• What is needed
The material below holds the lines to copy: from the one with "教育政策法规的理论与实践 第四版 张乐天 教育类专业教材" up to and including the one with "As is traditional". Copy them exactly and skip the pictures.
:: Available data
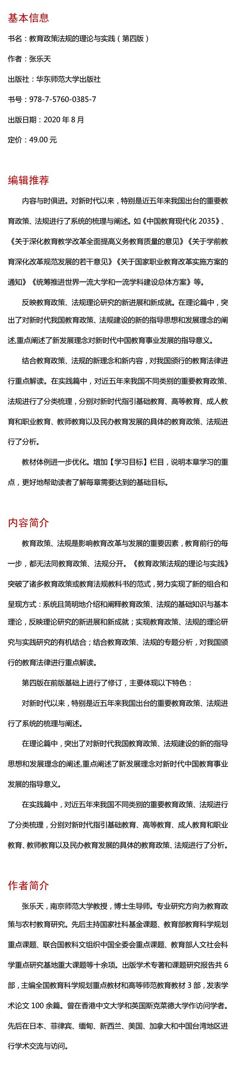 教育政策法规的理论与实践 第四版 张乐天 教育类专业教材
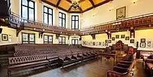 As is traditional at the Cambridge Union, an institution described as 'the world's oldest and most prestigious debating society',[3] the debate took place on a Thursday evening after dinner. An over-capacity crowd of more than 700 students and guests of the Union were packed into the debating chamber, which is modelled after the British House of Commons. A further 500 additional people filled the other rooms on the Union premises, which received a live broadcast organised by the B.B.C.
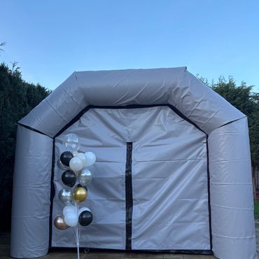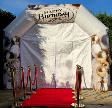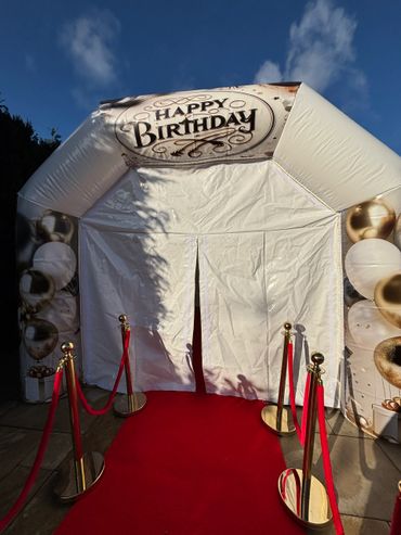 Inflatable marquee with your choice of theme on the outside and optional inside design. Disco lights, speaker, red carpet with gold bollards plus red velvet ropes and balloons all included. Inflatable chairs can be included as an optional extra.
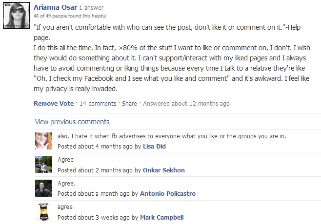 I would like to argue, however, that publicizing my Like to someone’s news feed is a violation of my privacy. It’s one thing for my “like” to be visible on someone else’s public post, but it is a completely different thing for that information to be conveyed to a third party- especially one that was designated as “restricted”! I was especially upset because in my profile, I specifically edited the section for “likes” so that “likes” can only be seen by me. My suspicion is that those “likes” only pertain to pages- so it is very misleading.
::::
:: Available data
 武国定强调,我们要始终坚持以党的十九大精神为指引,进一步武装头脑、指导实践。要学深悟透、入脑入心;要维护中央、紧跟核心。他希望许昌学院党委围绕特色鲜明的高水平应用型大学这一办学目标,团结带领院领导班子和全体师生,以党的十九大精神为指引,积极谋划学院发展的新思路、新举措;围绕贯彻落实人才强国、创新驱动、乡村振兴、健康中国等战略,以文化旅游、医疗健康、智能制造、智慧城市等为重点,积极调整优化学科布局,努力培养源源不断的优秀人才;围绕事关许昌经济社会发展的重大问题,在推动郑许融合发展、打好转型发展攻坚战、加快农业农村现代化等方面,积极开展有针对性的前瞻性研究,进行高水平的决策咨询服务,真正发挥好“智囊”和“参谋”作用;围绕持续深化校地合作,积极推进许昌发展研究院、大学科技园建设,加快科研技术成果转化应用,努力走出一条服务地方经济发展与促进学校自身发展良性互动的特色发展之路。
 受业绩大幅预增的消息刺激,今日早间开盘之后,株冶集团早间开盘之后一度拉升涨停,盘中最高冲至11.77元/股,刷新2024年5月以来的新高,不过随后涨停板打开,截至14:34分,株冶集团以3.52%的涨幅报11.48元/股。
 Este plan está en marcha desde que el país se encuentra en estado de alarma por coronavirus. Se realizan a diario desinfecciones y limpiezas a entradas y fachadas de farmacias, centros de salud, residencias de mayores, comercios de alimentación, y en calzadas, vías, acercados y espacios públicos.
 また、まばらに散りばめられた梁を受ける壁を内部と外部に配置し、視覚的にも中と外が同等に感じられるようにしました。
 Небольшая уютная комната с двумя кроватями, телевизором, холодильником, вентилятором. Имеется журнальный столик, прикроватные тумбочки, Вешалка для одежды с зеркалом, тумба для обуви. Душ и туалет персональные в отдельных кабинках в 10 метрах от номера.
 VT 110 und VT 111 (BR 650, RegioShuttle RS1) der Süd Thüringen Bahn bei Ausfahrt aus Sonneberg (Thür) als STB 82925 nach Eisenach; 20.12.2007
::::
• Reply
 教育政策法规的理论与实践 第四版 张乐天 教育类专业教材
 As is traditional at the Cambridge Union, an institution described as 'the world's oldest and most prestigious debating society',[3] the debate took place on a Thursday evening after dinner. An over-capacity crowd of more than 700 students and guests of the Union were packed into the debating chamber, which is modelled after the British House of Commons. A further 500 additional people filled the other rooms on the Union premises, which received a live broadcast organised by the B.B.C.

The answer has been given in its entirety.